Nilai R2=0.9141 menunjukan bahwa pH gambut berpengaruh 91.41% terhadap
pelepasan emisi gambut. Rerata kapasitas tukar kation (KTK) gambut sebesar
103.706 cmol(+) kg-1 pada kedalaman gambut 0-30 cm dikorelasikan dengan
rerata emisi 39.58 ton ha-1 tahun-1 didapatkan persamaan regresi linier untuk Y= -
0.1636x+68.38 dengan nilai R2=0.8866. Nilai R2=0.8866 menunjukan bahwa
KTK gambut berpengaruh 88.66% terhadap pelepasan emisi gambut.
Estimasi karbon terserap pada biomasa kelapa sawit berdasarkan berat
batang, akar dan tandan buah tanaman kelapa sawit berumur 10 tahun, 15 tahun,
19 tahun dan 20 tahun berturut-turut sebesar 37.72 ton CO2 ha-1tahun-1, 69.48 ton
CO2 ha-1tahun-1, 74.65 ton CO2 ha-1tahun-1 dan 82.61 ton CO2 ha-1tahun-1.

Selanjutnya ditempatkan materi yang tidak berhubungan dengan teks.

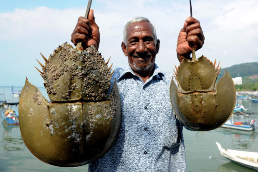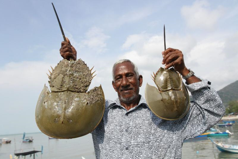 Seorang nelayan Syed Alaudin Kasim, 67, menunjukkan perbezaan antara belangkas gergasi yang dijumpai dengan belangkas biasa di jeti nelayan Teluk Bahang, Pualau Pinang.
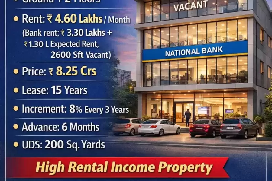 Sale of commercial property with National bank tenant at Banjarahills rd no 1 main road, Area:5400 sft, Ground + 2 floors, Price:8.25 crs,Rent:4.60 lakhs (Bank rent:3.30 lakhs+Rs 1.30 l expected rent, 2600 sft vacant),Lease:15 years,Increment:8% every 3 yrs,Advance:6 months,UDS:200 S.YARDS.
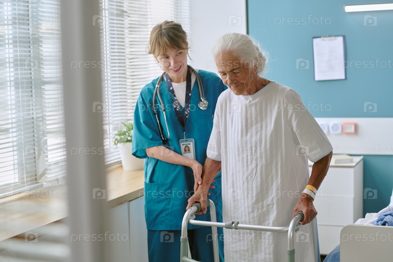 Женщина-старший, использующая ходунка с помощью молодой взрослой женщины - медицинского работника
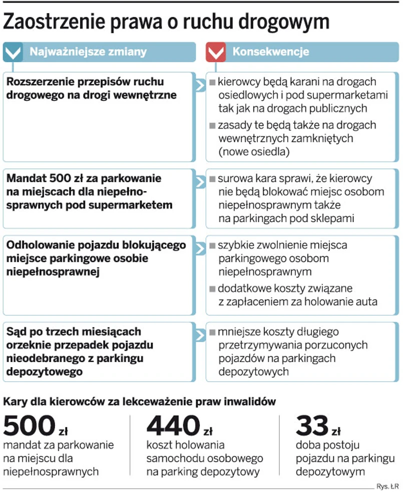 Obecnie za zajmowanie miejsca dla inwalidów już grozi mandat w wysokości 500 zł. Jednak kara taka jest stosowana tylko na drogach publicznych. Policja i straż miejska nic nie mogą zrobić, gdy kierowcy zajmują miejsca dla niepełnosprawnych na parkingach pod supermarketami. Funkcjonariusze ochrony próbują interweniować, ale kończy się to jedynie zwróceniem uwagi. Nowe przepisy to zmienią. Kierowca taki dostanie mandat, ale dodatkowo musi się liczyć z tym, że jego auto zostanie odholowane na parking policyjny.
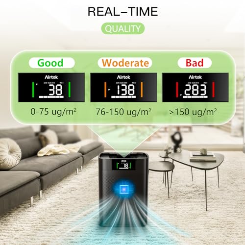 - SMART AIR PURIFIER: AIRTOK air purifier has a PM 2.5 Display & Air Quality Sensor which will monitor the air quality in real time and feed it back to the display screen.
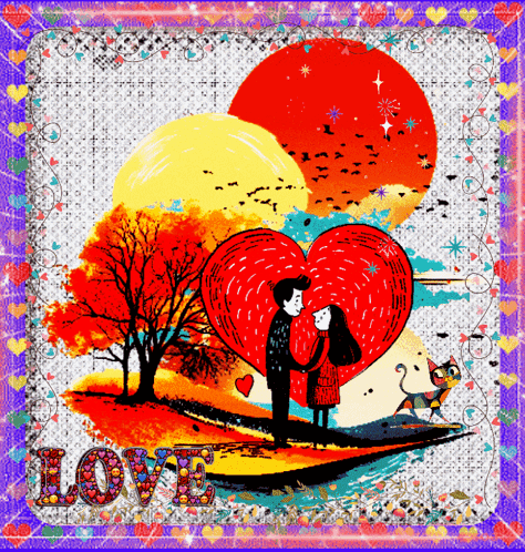 A vibrant, romantic illustration featuring a loving couple, a large heart, and the word 'LOVE'.
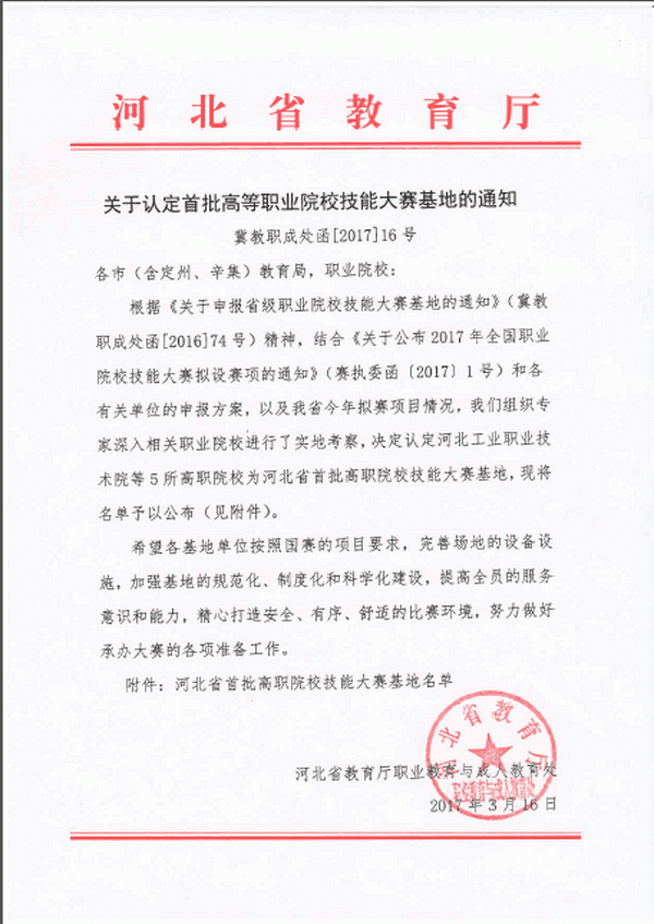 依据省教育厅《关于认定首批高等职业院校技能大赛基地的通知》(冀教职称处函[2017]16号)文件精神,我院被认定为首批高职院校会计技能大赛基地。
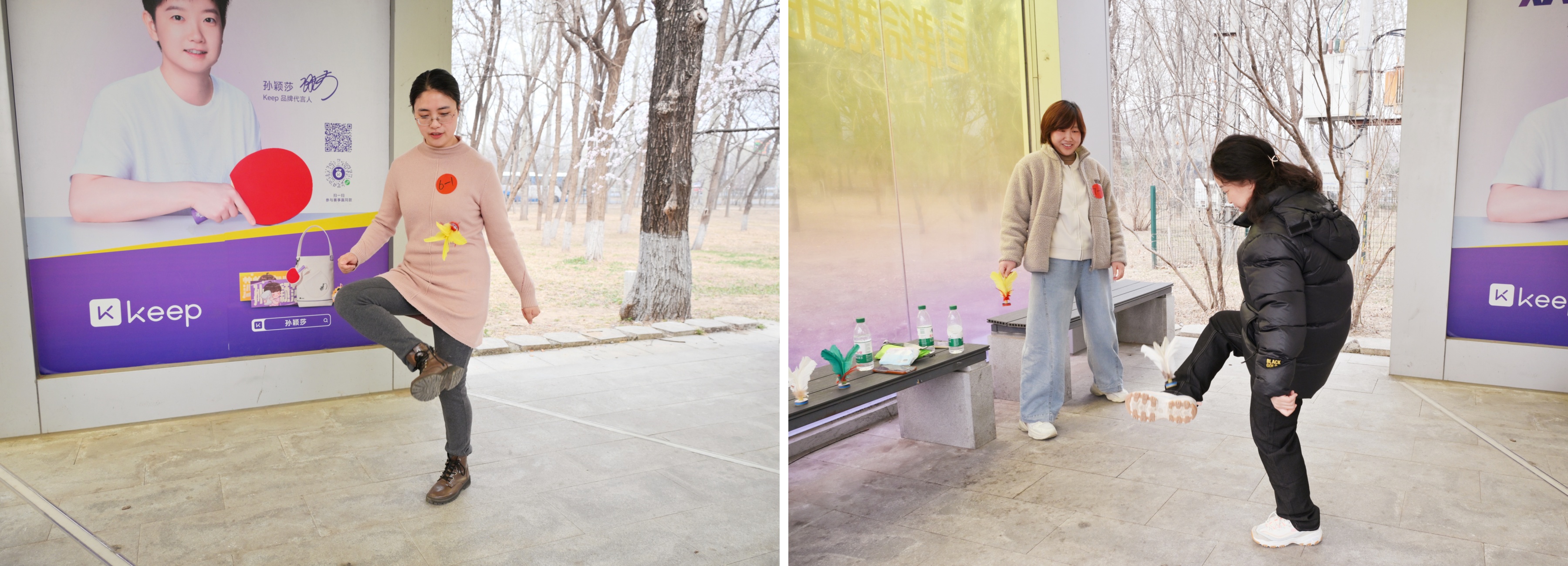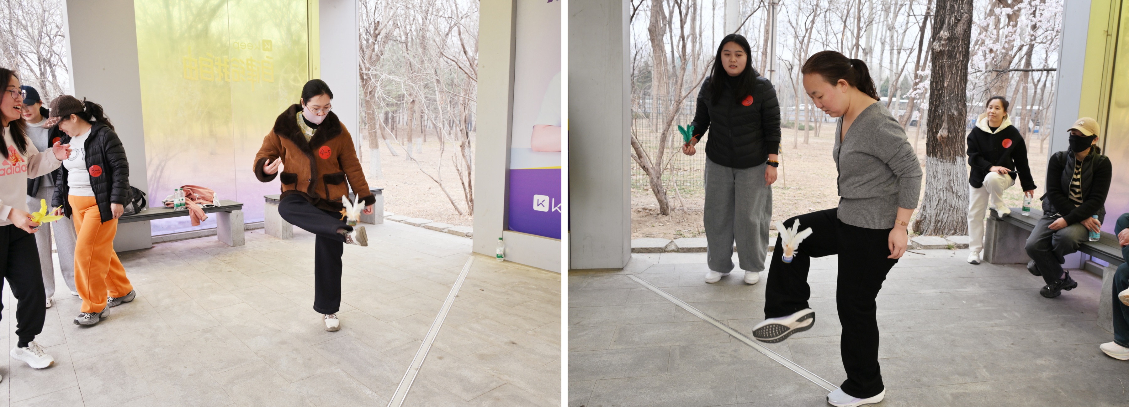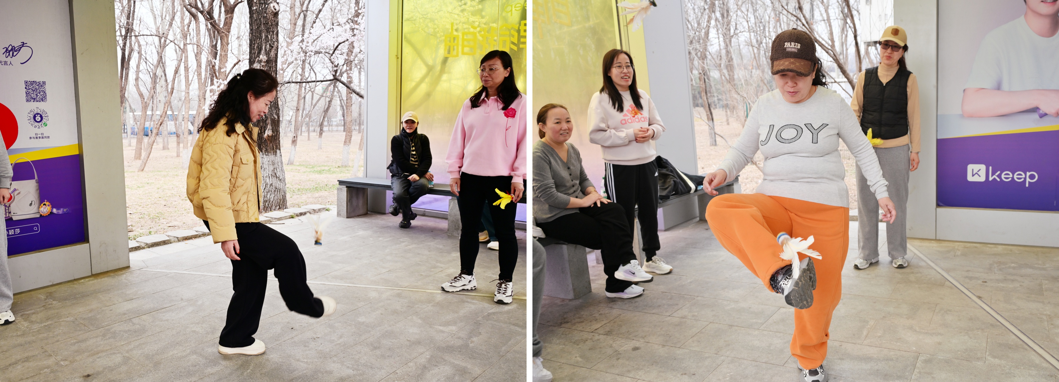 “接力踢毽子”中,毽子在脚尖轻盈翻飞,每一下都凝聚着默契与坚持,赢得阵阵喝彩。
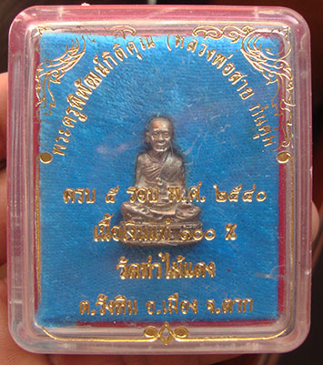 รูปหล่อ เนื้อเงิน ครบ 5 รอบ หลวงพ่อสาย วัดท่าไม้แดง จ.ตาก ปี2540 ตอกโค๊ต ก้นมีจาร กล่องเดิมสวยครับ
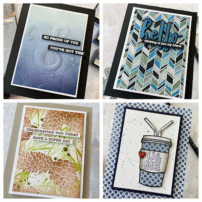 The components I used for inspiration on my projects include Easy Ink Blending (with Amy Lee), Let It Shine (with Carissa Wiley), For The Guys (with Jennifer Rzasa), Creative Watercolor Media (with Jennifer Rzasa, Laura Bassen & Debby Hughes) and Celebration Stencil Techniques (with Laurel Beard).
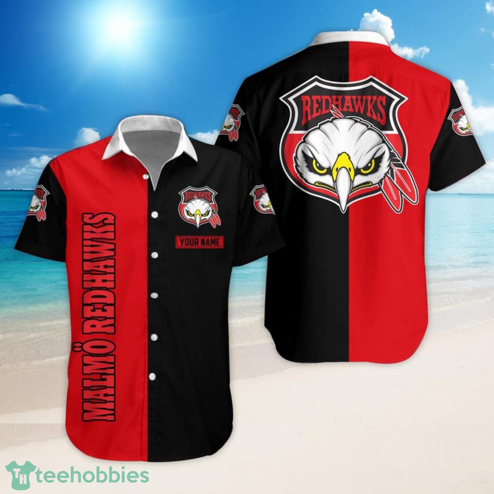 This design is available in a combo Hawaiian shirt & shorts. You can also get it separate. The default option is only one shirt or one pair of shorts. You have chosen a combo to get them both. This combo SHL Hockey Malmo Redhawks Set Hawaiian Shirt And Shorts is perfect to go to the beach. Get yours now or make a great gift.
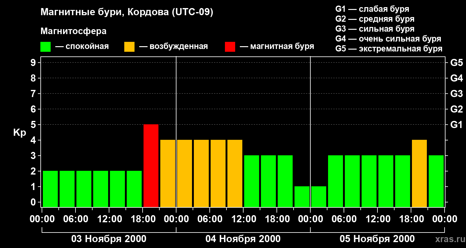 Изменения геомагнитного индекса Kp с 3 по 5 ноября 2000 года для средних широт

Pelepasan emisi dari tanah gambut dipengaruhi juga oleh kadar air gambut, pH
dan KTK. Kadar air memiliki pengaruh paling tinggi dalam menekan emisi yang
dilepaskan dari perkebunan kelapa sawit di lahan gambut. Hasil tersebut
menunjukan pengelolaan air pada drainase dengan tinggi muka air -56.09 cm akan
menekan laju emisi. Serapan CO2eq pada perkebunan kelapa sawit umur 15 tahun
hingga 20 tahun lebih tinggi dari emisi, hal ini menunjukan bawa perkebunan
kelapa sawit 15 tahun hingga 20 tahun mampu menyerap emisi yang dihasilkan
oleh proses dekomposisi dan respirasi akar melalui proses siklus tertutup untuk
pertumbuhan dan produktifitas tanaman kelapa sawit.
Pengaruh perusahaan perkebunan kelapa sawit terhadap masyarakat enclave
dan non enclave berdampak terhadap tingginya migrasi ke kecamatan Koto Gasib.
Faktor penyebab tingginya migrasi karena mudah dan murahnya pembelian tanah
dari masyarakat setempat. Faktor lain karena adanya peluang kerja di kebun dan
perusahaan. Kerja di kebun dimanfaatkan pekerja untuk belajar budidaya kelapa
sawit dari perusahaan. Perkebunan kelapa sawit di Kecamatan Koto Gasib
berdampak terhadap peningkatan ekonomi rumah tangga sebesar 300-400% dari
kondisi awal. Pekerjaan utama masyarakat sebelum adanya perkebunan kelapa
sawit adalah memancing dan mencari kayu di hutan. Hasil survei terhadap 40
responden didapatkan bahwa sebagian besar (85%) masyarakat memiliki kebun
sawit. Kepemilikan kebun sawit petani berkisar antara1-13 ha. Rumah tangga
dengan pekerjaan sebagai guru dan pegawai dalam perusahaan rata-rata memiliki
kebun kelapa sawit 1-3 ha. Tingginya pendapatan responden belum berdampak
terhadap perubahan pola pikir pada pendidikan anak-anak tapi lebih mendorong
terhadap pola konsumtif. Hasil wawancara pada responden di dua desa, hanya tiga
keluarga yang menyekolahkan anak mereka ke sekolah tinggi. Pengeluaran non
pangan lebih besar dari pengeluaran untuk pangan. Disimpulkan dampak positif
pada peningkatan ekonomi rumah tangga responden menimbulkan dampak
detrimental (merugikan dan merusak). Masyarakat menjadi semakin konsumtif,
mengejar kemewahan atau manusia menjadi “materieel bejacht”.